Top of Data excerpts

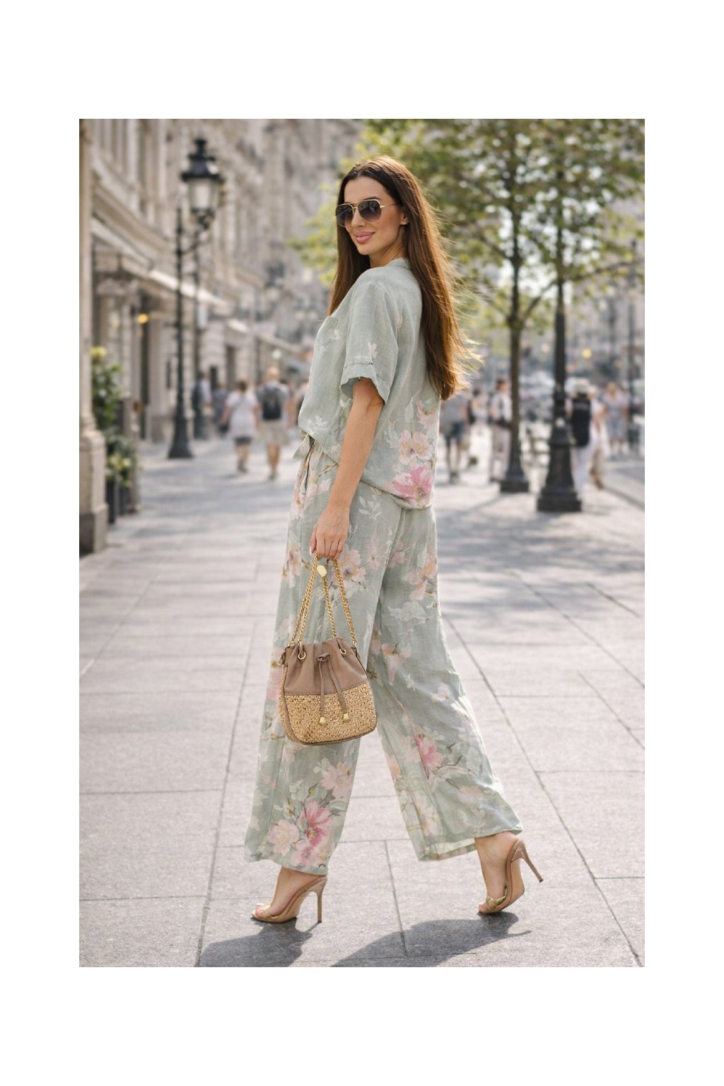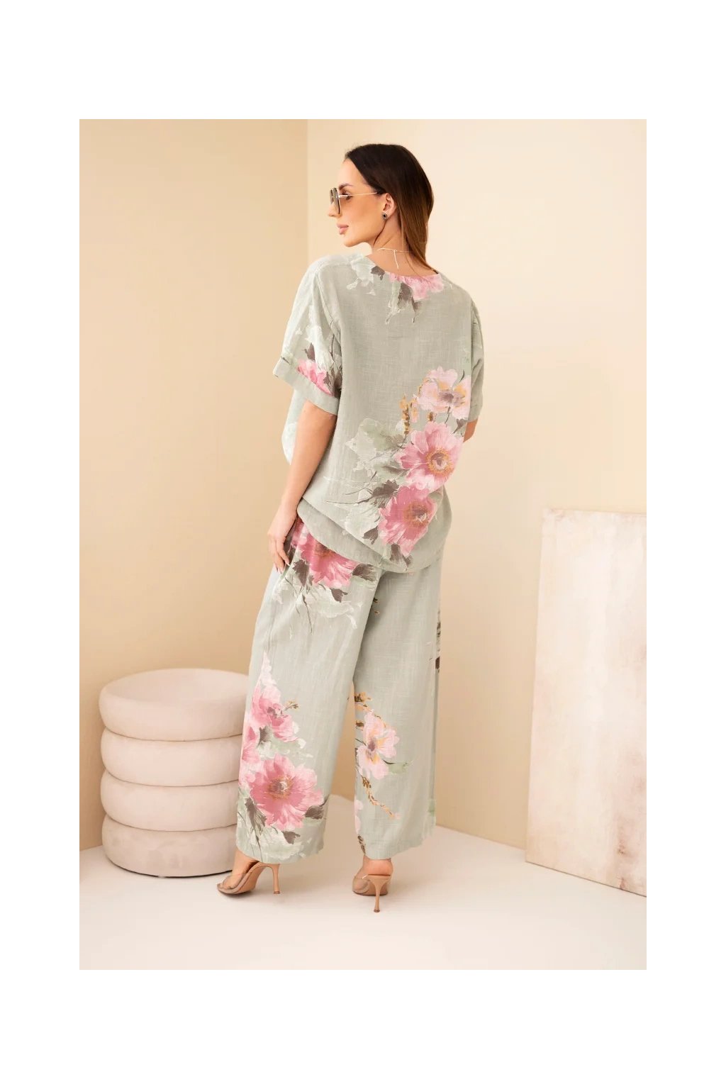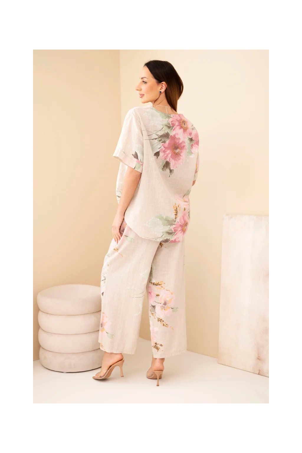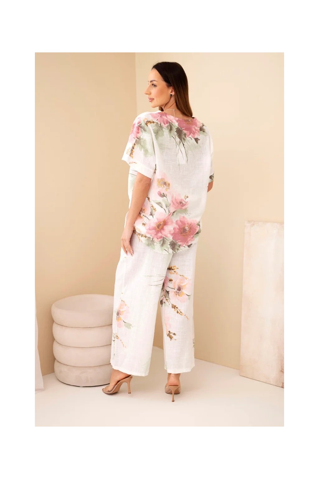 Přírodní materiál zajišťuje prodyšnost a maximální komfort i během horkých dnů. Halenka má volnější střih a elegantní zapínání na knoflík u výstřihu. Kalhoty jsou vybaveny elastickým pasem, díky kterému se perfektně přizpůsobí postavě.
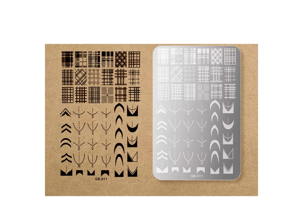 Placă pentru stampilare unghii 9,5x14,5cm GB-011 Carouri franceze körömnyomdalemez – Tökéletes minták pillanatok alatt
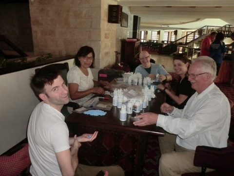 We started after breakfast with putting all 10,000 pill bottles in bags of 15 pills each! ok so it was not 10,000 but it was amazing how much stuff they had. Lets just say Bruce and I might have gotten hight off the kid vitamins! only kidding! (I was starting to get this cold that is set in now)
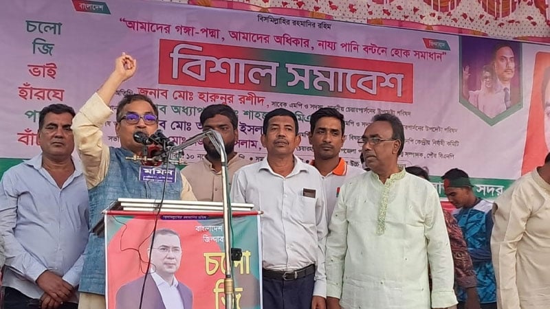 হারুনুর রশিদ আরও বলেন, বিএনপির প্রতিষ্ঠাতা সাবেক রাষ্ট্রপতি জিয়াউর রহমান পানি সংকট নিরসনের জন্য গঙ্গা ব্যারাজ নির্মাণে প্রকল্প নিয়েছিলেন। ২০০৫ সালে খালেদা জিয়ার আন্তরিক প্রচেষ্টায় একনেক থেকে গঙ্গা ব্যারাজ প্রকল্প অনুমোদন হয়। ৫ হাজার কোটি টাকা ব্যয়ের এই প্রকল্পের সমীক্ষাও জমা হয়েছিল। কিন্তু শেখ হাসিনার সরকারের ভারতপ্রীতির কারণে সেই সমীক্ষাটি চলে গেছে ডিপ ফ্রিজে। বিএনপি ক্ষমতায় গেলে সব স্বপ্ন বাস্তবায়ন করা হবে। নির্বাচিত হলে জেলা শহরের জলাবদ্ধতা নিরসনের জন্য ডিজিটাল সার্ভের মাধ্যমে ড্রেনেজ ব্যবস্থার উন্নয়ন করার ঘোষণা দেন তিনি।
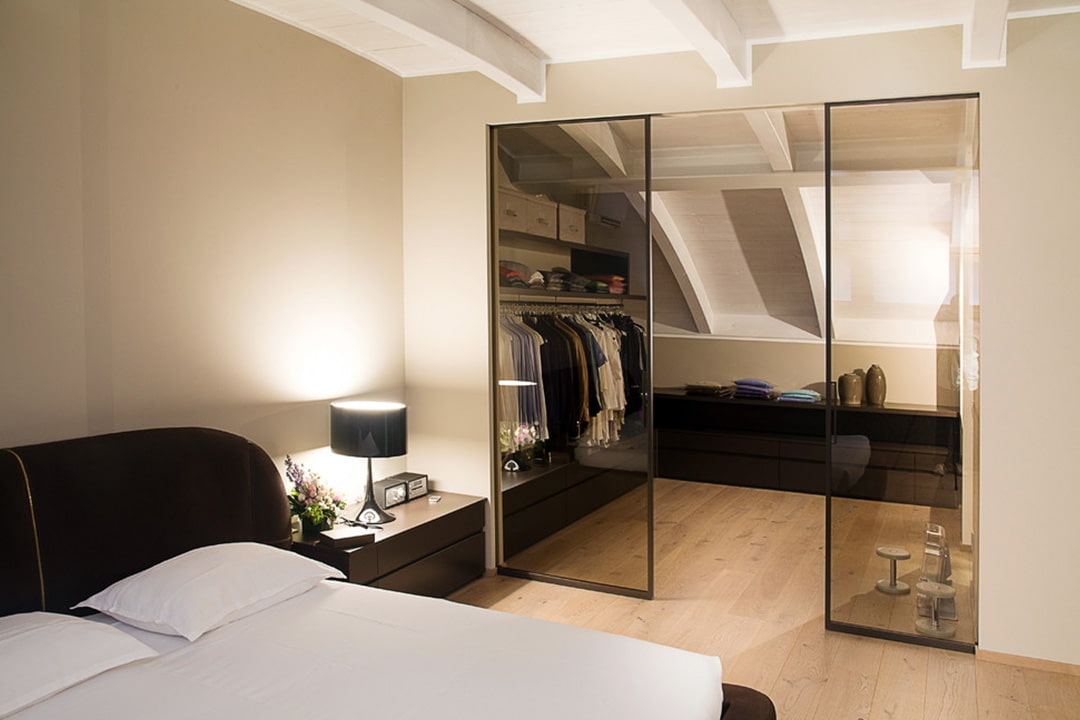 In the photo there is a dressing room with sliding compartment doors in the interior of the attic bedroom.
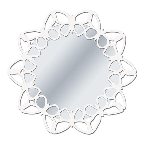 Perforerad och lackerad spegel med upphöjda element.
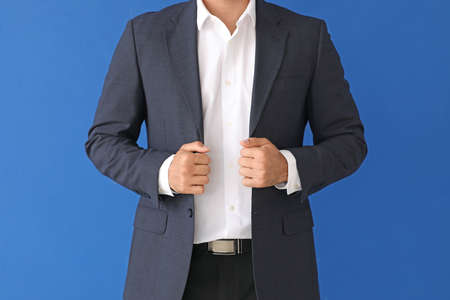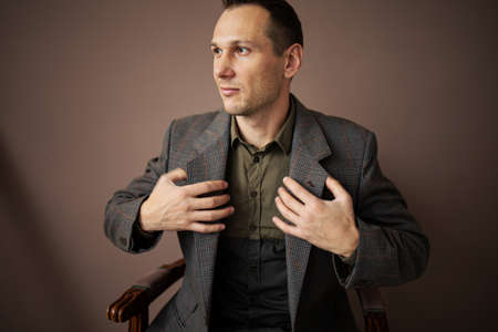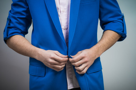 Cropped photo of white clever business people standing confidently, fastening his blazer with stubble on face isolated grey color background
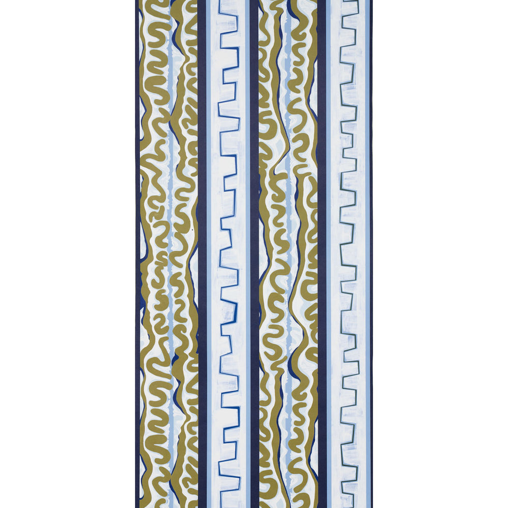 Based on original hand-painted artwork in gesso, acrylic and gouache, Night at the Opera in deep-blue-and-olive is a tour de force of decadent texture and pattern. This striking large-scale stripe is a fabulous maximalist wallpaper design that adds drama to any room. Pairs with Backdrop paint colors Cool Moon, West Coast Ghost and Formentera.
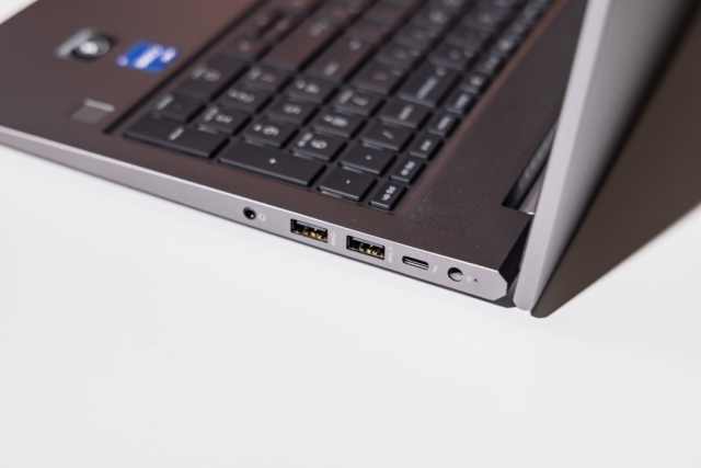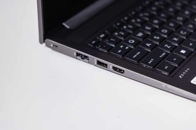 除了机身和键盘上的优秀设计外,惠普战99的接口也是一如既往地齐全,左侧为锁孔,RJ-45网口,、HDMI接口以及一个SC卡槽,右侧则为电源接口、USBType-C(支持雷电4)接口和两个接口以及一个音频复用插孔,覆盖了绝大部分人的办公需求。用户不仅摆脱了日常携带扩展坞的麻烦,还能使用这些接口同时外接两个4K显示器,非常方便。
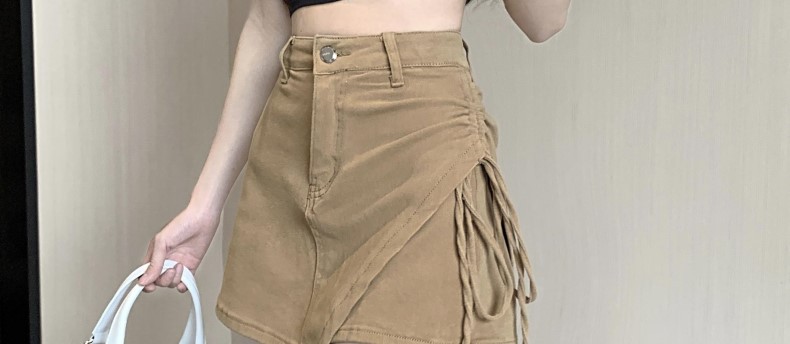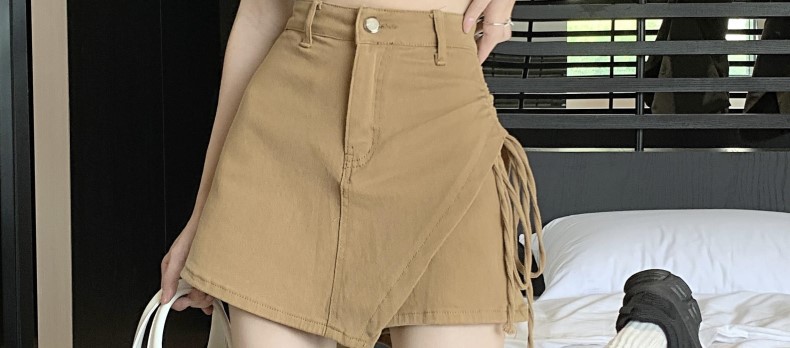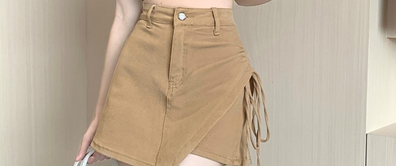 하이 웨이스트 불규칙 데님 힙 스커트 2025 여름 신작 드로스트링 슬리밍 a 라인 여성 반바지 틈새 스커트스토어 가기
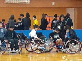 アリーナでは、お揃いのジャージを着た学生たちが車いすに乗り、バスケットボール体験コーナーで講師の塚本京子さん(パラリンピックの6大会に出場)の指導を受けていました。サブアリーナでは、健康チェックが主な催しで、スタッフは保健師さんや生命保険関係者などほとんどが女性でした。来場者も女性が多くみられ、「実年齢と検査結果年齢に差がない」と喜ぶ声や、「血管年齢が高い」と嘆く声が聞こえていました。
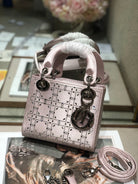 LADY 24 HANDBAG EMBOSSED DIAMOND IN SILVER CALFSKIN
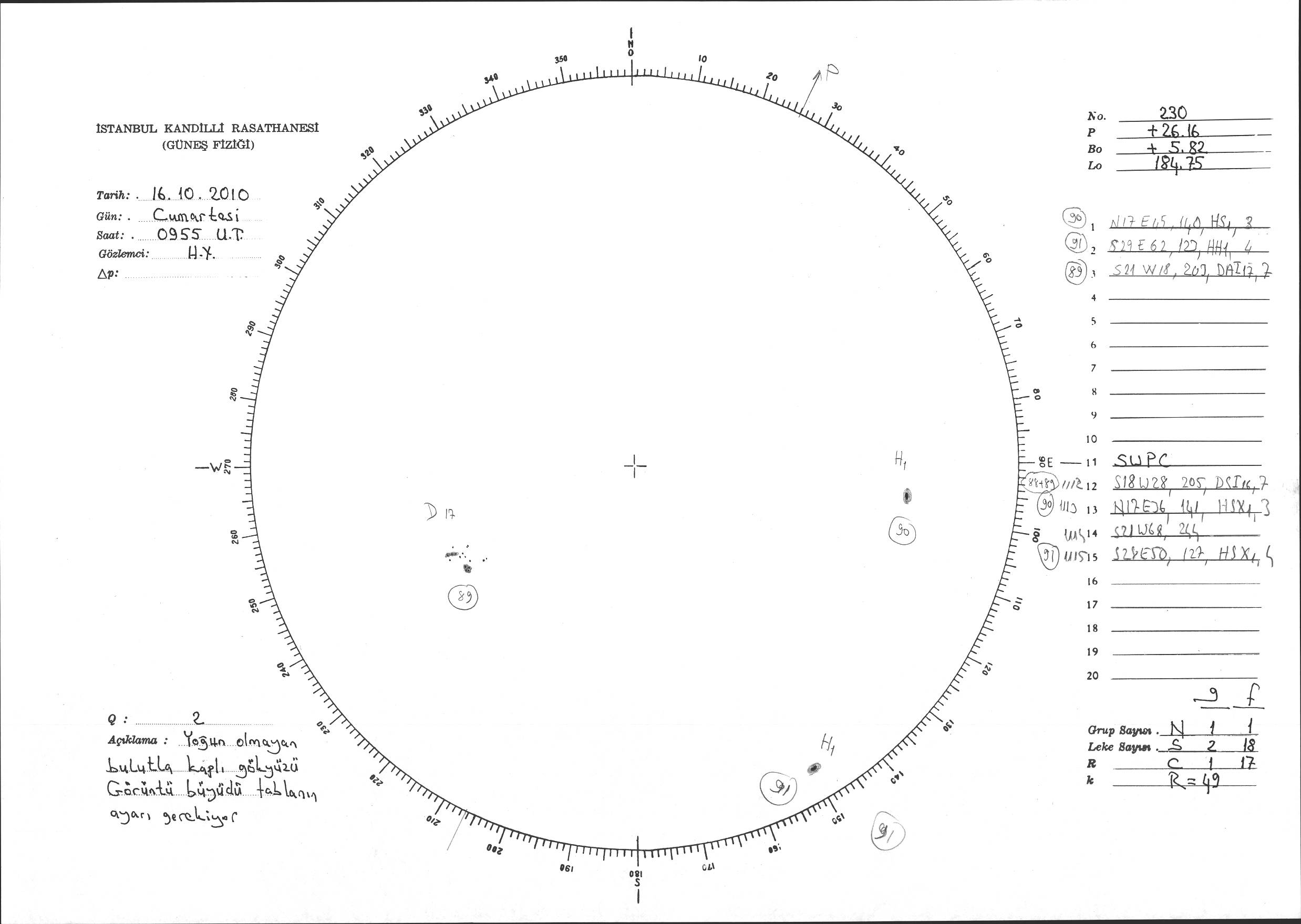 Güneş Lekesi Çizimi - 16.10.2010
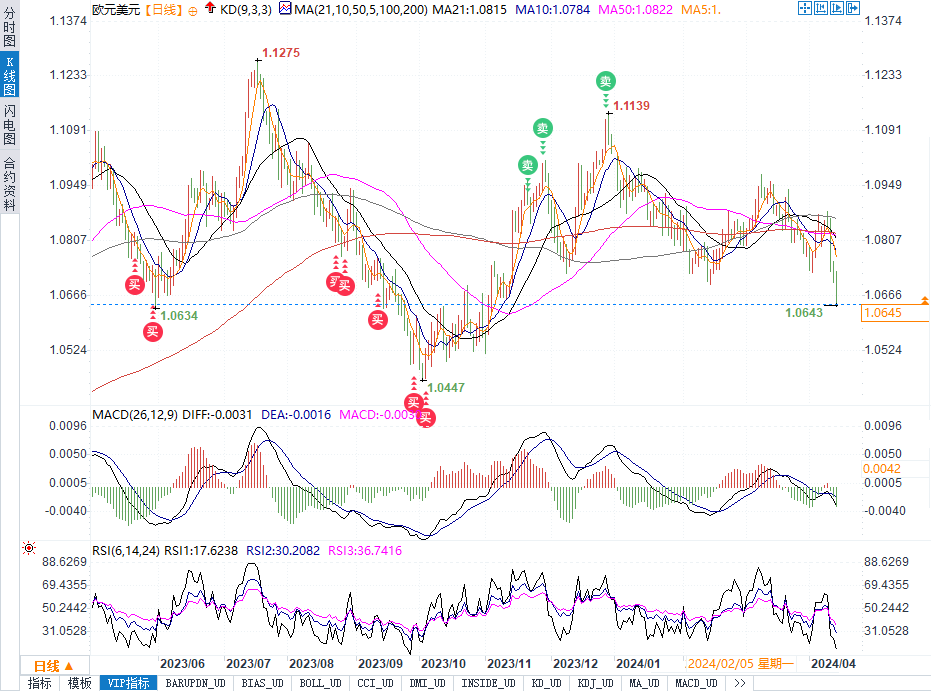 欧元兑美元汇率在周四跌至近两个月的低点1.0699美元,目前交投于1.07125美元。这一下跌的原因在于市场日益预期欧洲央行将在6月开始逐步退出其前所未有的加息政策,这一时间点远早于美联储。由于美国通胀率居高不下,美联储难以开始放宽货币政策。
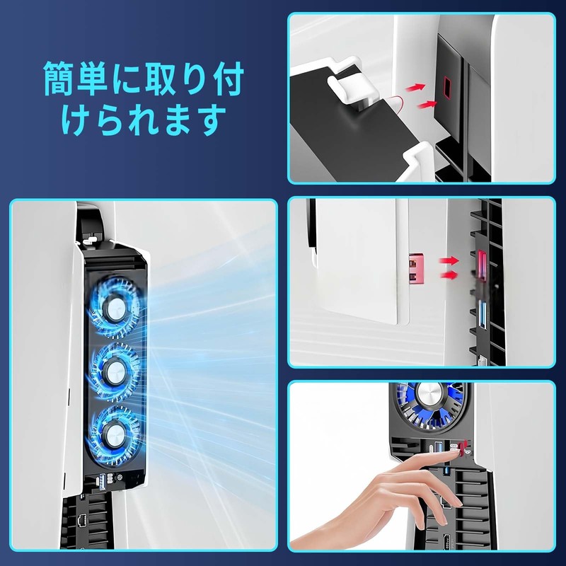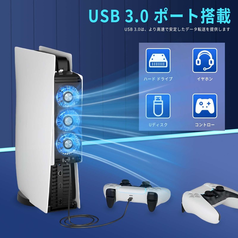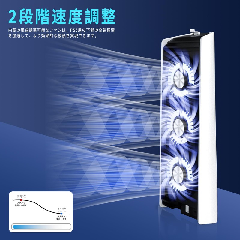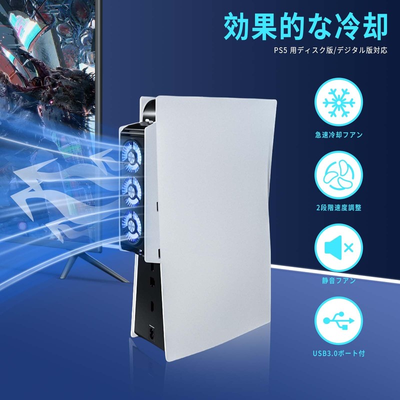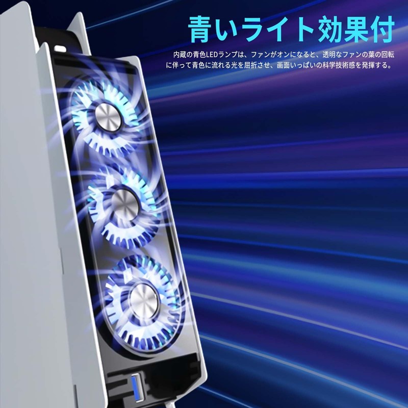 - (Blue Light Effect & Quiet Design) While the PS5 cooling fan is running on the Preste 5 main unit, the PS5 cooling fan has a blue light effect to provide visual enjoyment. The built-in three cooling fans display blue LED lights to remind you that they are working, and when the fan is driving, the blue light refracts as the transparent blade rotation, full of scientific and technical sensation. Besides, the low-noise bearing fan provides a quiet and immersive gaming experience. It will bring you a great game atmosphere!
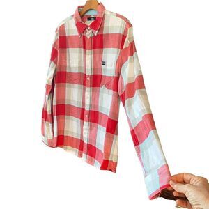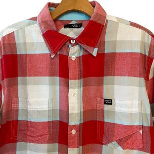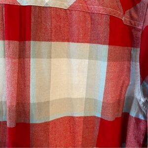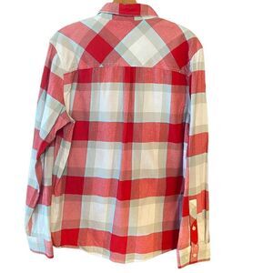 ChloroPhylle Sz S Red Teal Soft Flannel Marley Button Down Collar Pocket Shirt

Bottom of Data excerpts

[Assignment]: Please give a word-for-word transcript of the lines from the one holding "アリーナでは、お揃いのジャー" through the final line of the entries, both ends kept, with no pictures.

[Completed exercise]:
 アリーナでは、お揃いのジャージを着た学生たちが車いすに乗り、バスケットボール体験コーナーで講師の塚本京子さん(パラリンピックの6大会に出場)の指導を受けていました。サブアリーナでは、健康チェックが主な催しで、スタッフは保健師さんや生命保険関係者などほとんどが女性でした。来場者も女性が多くみられ、「実年齢と検査結果年齢に差がない」と喜ぶ声や、「血管年齢が高い」と嘆く声が聞こえていました。
 LADY 24 HANDBAG EMBOSSED DIAMOND IN SILVER CALFSKIN
 Güneş Lekesi Çizimi - 16.10.2010
 欧元兑美元汇率在周四跌至近两个月的低点1.0699美元,目前交投于1.07125美元。这一下跌的原因在于市场日益预期欧洲央行将在6月开始逐步退出其前所未有的加息政策,这一时间点远早于美联储。由于美国通胀率居高不下,美联储难以开始放宽货币政策。
 - (Blue Light Effect & Quiet Design) While the PS5 cooling fan is running on the Preste 5 main unit, the PS5 cooling fan has a blue light effect to provide visual enjoyment. The built-in three cooling fans display blue LED lights to remind you that they are working, and when the fan is driving, the blue light refracts as the transparent blade rotation, full of scientific and technical sensation. Besides, the low-noise bearing fan provides a quiet and immersive gaming experience. It will bring you a great game atmosphere!
 ChloroPhylle Sz S Red Teal Soft Flannel Marley Button Down Collar Pocket Shirt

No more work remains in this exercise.